• [Exercise] Copy every record exactly, leaving the pictures out.

[Dataset items]
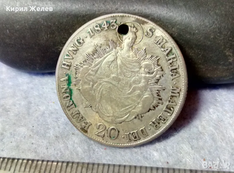 Стара СРЕБЪРНА МОНЕТА 20 КРОЙЦЕРА 1843 ИМПЕРАТОР ФЕРДИНАНД I УНГАРИЯ СВЕЩЕНА РИМСКА ИМПЕРИЯ 26351
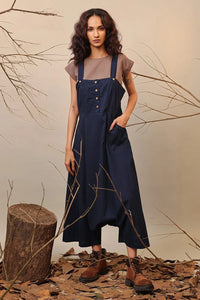 Strap dungarees with adjustable buttons on the straps. Made in handspun cotton comes with side pocket. Team it up with any contrast crop top from the collection to complete the look.
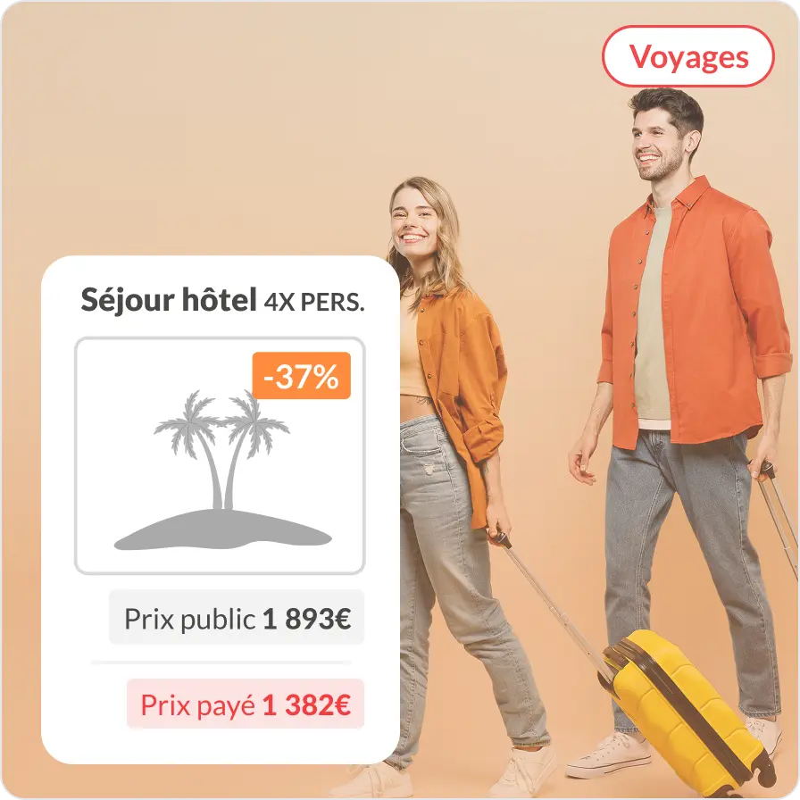 Proposez à vos salariés des subventions pour leurs voyages et séjours en France et partout dans le monde avec des réductions sur les réservations d’hôtels, les billets d’avion, de train, et de bus. Grâce à notre plateforme de voyage intégrée, vos employés peuvent planifier leurs vacances avec nos principaux partenaires
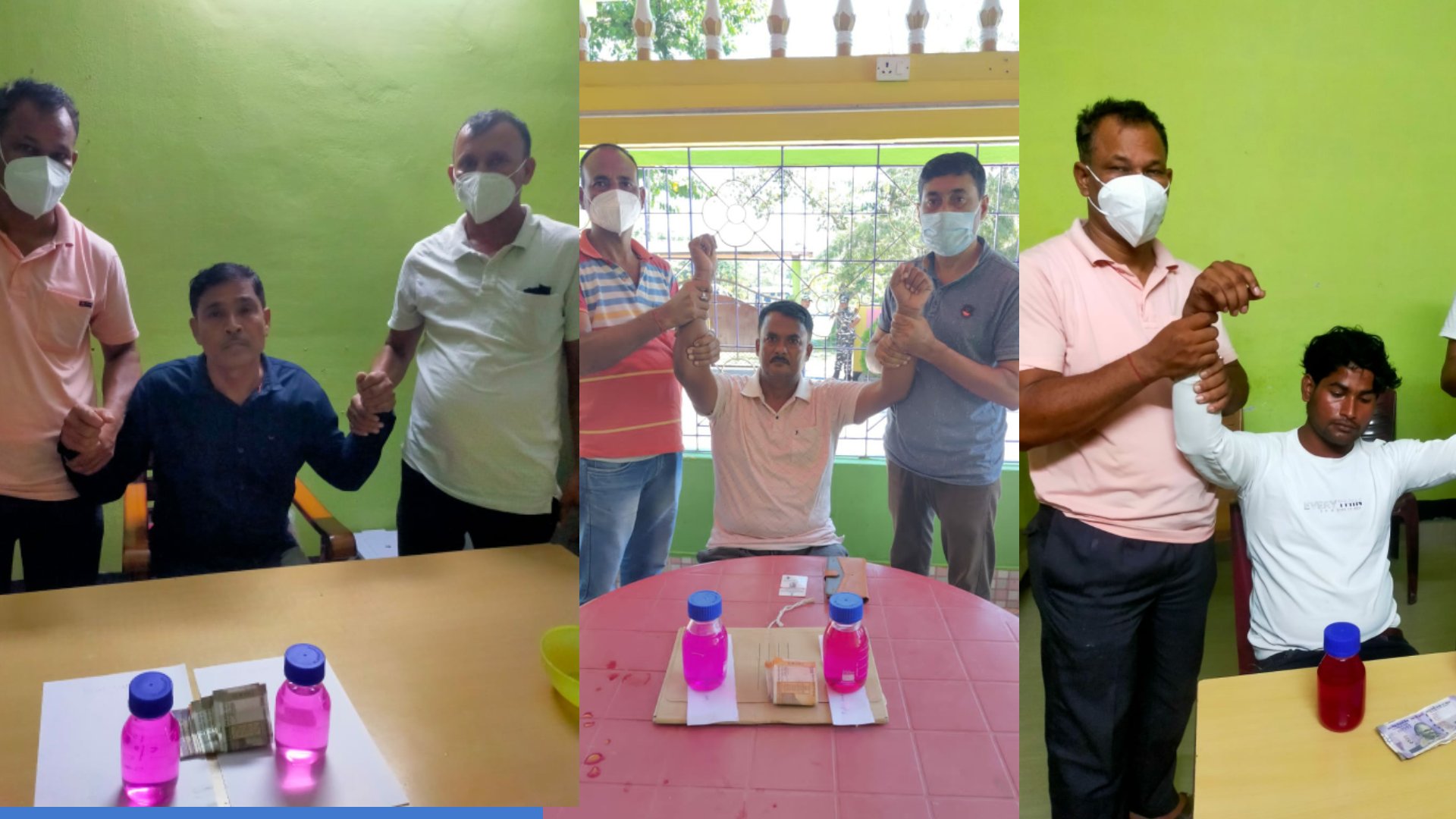 গুৱাহাটী, ৩০ ছেপ্টেম্বৰ, ২০২৩ : দুৰ্নীতিগ্ৰস্ত চৰকাৰী কৰ্মচাৰীৰ বিৰুদ্ধে অব্যাহত আছে দুৰ্নীতি নিবাৰক শাখাৰ অভিযান। পুনৰ দুৰ্নীতি নিবাৰক শাখাৰ জালত পৰিল দুজন দুৰ্নীতিগ্ৰস্ত চৰকাৰী কৰ্মচাৰী। উৎকোচ লৈ হাতে-লোটে ধৰা পৰিল দুজন চৰকাৰী কৰ্মচাৰীৰ (Government Employee Attested) লগতে এজন দালাল। এজন লাট মণ্ডলে ৫ হাজাৰ টকা উৎকোচ লৈ আৰু এজনে ৩ হাজাৰ টকা উৎকোচ লৈ হাত দাঙি ফটো উঠিলে। লাট মণ্ডল দুজনৰ লগতে ফটো উঠিলে এজন দালালেও।
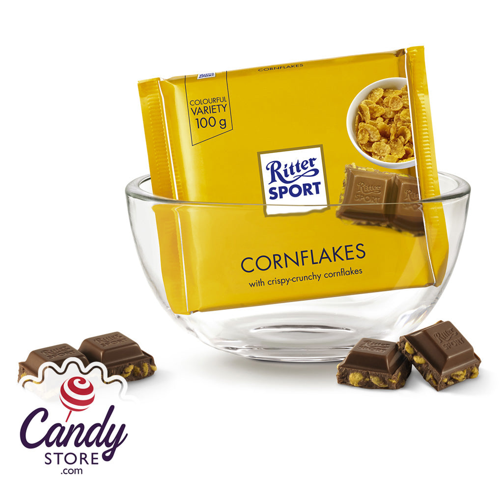 Quality German-made Ritter Sport milk chocolate bars with cornflakes inside each bar. Iconic square-shaped chocolate bars with often unique fillings inside are known throughout the world as one of the finest chocolate bars.

• [Task result]
 Стара СРЕБЪРНА МОНЕТА 20 КРОЙЦЕРА 1843 ИМПЕРАТОР ФЕРДИНАНД I УНГАРИЯ СВЕЩЕНА РИМСКА ИМПЕРИЯ 26351
 Strap dungarees with adjustable buttons on the straps. Made in handspun cotton comes with side pocket. Team it up with any contrast crop top from the collection to complete the look.
 Proposez à vos salariés des subventions pour leurs voyages et séjours en France et partout dans le monde avec des réductions sur les réservations d’hôtels, les billets d’avion, de train, et de bus. Grâce à notre plateforme de voyage intégrée, vos employés peuvent planifier leurs vacances avec nos principaux partenaires
 গুৱাহাটী, ৩০ ছেপ্টেম্বৰ, ২০২৩ : দুৰ্নীতিগ্ৰস্ত চৰকাৰী কৰ্মচাৰীৰ বিৰুদ্ধে অব্যাহত আছে দুৰ্নীতি নিবাৰক শাখাৰ অভিযান। পুনৰ দুৰ্নীতি নিবাৰক শাখাৰ জালত পৰিল দুজন দুৰ্নীতিগ্ৰস্ত চৰকাৰী কৰ্মচাৰী। উৎকোচ লৈ হাতে-লোটে ধৰা পৰিল দুজন চৰকাৰী কৰ্মচাৰীৰ (Government Employee Attested) লগতে এজন দালাল। এজন লাট মণ্ডলে ৫ হাজাৰ টকা উৎকোচ লৈ আৰু এজনে ৩ হাজাৰ টকা উৎকোচ লৈ হাত দাঙি ফটো উঠিলে। লাট মণ্ডল দুজনৰ লগতে ফটো উঠিলে এজন দালালেও।
 Quality German-made Ritter Sport milk chocolate bars with cornflakes inside each bar. Iconic square-shaped chocolate bars with often unique fillings inside are known throughout the world as one of the finest chocolate bars.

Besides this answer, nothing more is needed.